Not going to bother responding to most of that as it does not warrant a response, but I would point out that the word craft does not imply novelty or uniqueness.
In many cases the really key idea that transforms the overall system design comes from working closely on the specific implementation details. Maybe you don't redesign the system this time, but you saw how you might do it, and you get ideas about how to do it the next time. The craft involves a back-and-forth between different levels of abstraction, and cutting that link does feel like we're sacrificing something.
Yeah, you do it every day for money, right? And someone is paying you for that? Dude, people designed ships, aircrafts, the shuttle with a ruler and a pencil, today people use CAD and CFD because it’s cheaper and better but people still know how to use the ruler and pencil! At least those who want to know, know. But not everything has to be designed with the ruler and the pencil. Be the guy who presses buttons, and knows how to use the ruler and the pencil!
It’s different, because in our field we’re often learning or doing new things, as opposed to merely rehashing the exact same thing we’ve done before.
I find it very difficult to learn a new thing by reading it, vs by doing it.
And indeed, most mathematicians, who do get paid to do math, work a lot with pencil and paper. If math is secondary to your job, you likely will not, but if it’s your primary job, you likely spend a lot of time working ideas out in the more primitive fashion.
Nah, they want to think beyond the superficial prompting level. A lot of real programmers feel exactly the same.
It is hard to notice this sometimes on HN because this site is rife with the very idea-man-VC-pilled-finance-bro-pseudo-hackers that over the past 15-20 years have turned the tech industry from one of optimism for a brighter future to one that most normal people now distrust and hate.
Exactly. I work on line of business stuff, not curing world hunger or reinventing the train. One of the few sources of joy in the job is the brain teaser/puzzle of understanding clever bits of code and writing it too. Now you can just shit out massive volumes of basic code that does the job, which is all you really need for a standard corporate software product, and it can do it multiple times faster than I can so I have no choice but to use it. Well at least my shares are looking good.
I'm terribly worried about my career as well. I built a large part of my identity around coding in my teens, and working in the industry when I got to my twenties were some of the happiest years of my life.
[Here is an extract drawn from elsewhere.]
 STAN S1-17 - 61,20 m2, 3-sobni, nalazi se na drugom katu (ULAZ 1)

I was laid off from tech around the time that COVID hit, so this predates AI somewhat. I briefly became a contractor, but none of the contracts I was able to secure were renewed. I haven't worked in tech since 2023, right around the time I was introduced to AI.
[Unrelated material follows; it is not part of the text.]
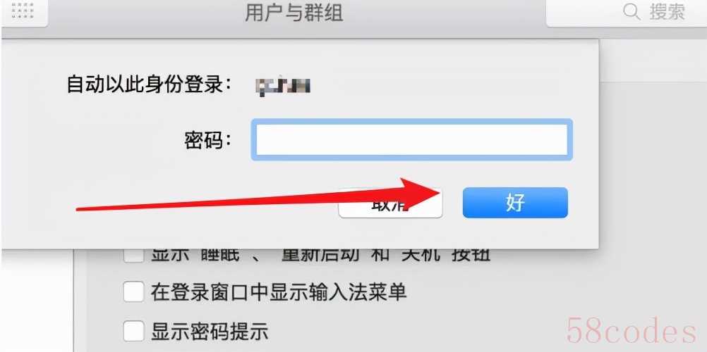 8.然后弹出密码框,这里要输入该用户的密码,如果是空密码就直接点击‘好’按钮。这样我们每次开机就自动以这个用户登录系统了,而无需开机密码。

They say that as you become more experienced in a domain, it should become easier and more lucrative... advancing in a career like tech should be a joy. With about seven years of experience, I can say that it hasn't been great. And aside from acquiring titles like junior and senior, there really isn't much advancement left after the 5-10 year mark.
I currently work in a grocery store and am giving that a shot, going to give it a good few years to see if I can advance through the different departments while I see how AI in the software industry pans out. The pay isn't nearly as good, and it's not something I'm passionate about; it's really quite mindless work. The positives are that I don't have to worry about outsourcing, or working from home, or massively disruptive technology like AI.
Throughout the latter half of my career, it almost felt as if every force was at play in killing what I was finally able to enjoy and also make a living from.
I wish I had something more positive to say, but as far as I'm concerned, I'm unfortunately stuck waiting this one out on the sidelines.